Ubuntu – Using ‘dd’ command to create bootable USB stick

bootlive-usbsystem-installationusb

Why ISO images of some flavours of Ubuntu can be put on USB stick by dd command and boot successfully, while others flavours don't? Moreover it looks like it is dependant of particular USB stick too. I tried with standard Ubuntu:

$ sudo dd if=./ubuntu.iso of=/dev/sdd bs=8129

And it works like charm, I mean: boot and installs or run live Ubuntu. But when I use another USB stick prepared the same way, it fails to boot with Operating system not found BIOS error.

When I try the Ubuntu GNOME, then it simply does not boot with the same error as in previous example, regardless of which one USB stick I use.

I know, that there is Startup Disk Creator application in Ubuntu, but I have been convinced, that it is only a GUI facade for simple dd command, and I can always use dd to create bootable USB stick, at least for Linux.
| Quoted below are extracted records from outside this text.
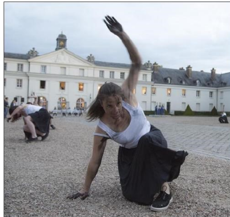
La Verrerie, un bel espace habité par la danse de l'école Marine Ray et sublimé par les entrelacs de couleurs, matières et textures de Julien Guiller.

« Cette soirée est l'union du lieu, des objets tels le Pilon, la Cristallerie et des ouvriers et
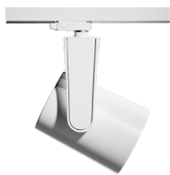
Full fleksibilitet til å vippe og rotere lysretning
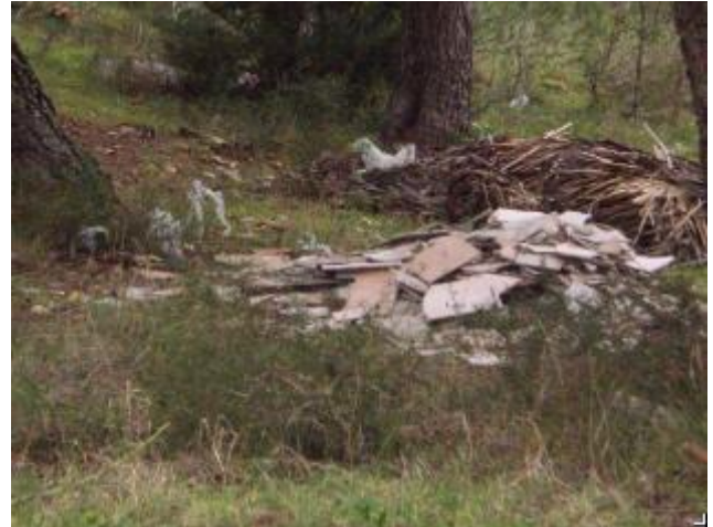
Slika 8: Park prirode Vransko jezero, lok. 3

Općina redovito provodi sustavnu sanaciju divljih odlagališta otpada i nadzor lokacija na kojima je uočeno povremeno nelegalno odlaganje otpada u svrhu sprječavanja nastajanja novih divljih odlagališta otpada.

Am I wrong?

Best Answer

If you run Startup Disk Creator, you'll notice that it does three (four) things:

  1. Format the drive
  2. Copy over the data from the ISO to the drive
  3. (Add an extra casper1 file for persistence, if selected. dd does not give you persistence.)
  4. Install a bootloader

It is not a GUI for dd (there are GUIs for dd, but SDC is not one of those). You can think of it as doing equivalent of Arch Linux's or Gentoo's manual methods. You should be able to create a bootable USB using most (reasonably popular) distros' installation ISOs at present. This was not true about three or four years ago, when I looked at Arch. It was only 2010 that all Arch ISOs gained this feature (where you could write it directly to a USB drive) - from 2008 to 2010 they had special USB images.

Further, if you dd a drive directly, that drive is effectively read-only until you format it or use the remaining space somehow. A SCD-created disk is still usable as a USB drive, even though the contents are are not accessible from the live environment easily. So if you dd a 1GB ISO to a 8 or 16 GB USB drive, you're effectively abandoning the remaining space unless extra steps are taken.


1Typically, most live images use a SquashFS file for the root partition. SquashFS is read-only, so for persistence, a casper-rw file is created in /casper. I am not sure of the origins of casper. From what I understand, when booted with the boot=casper option, the kernel overlays the casper file (creating one if none exists) on top of the squashfs, so that it gains write capability. casper doesn't have to be a file, it can also be a partition.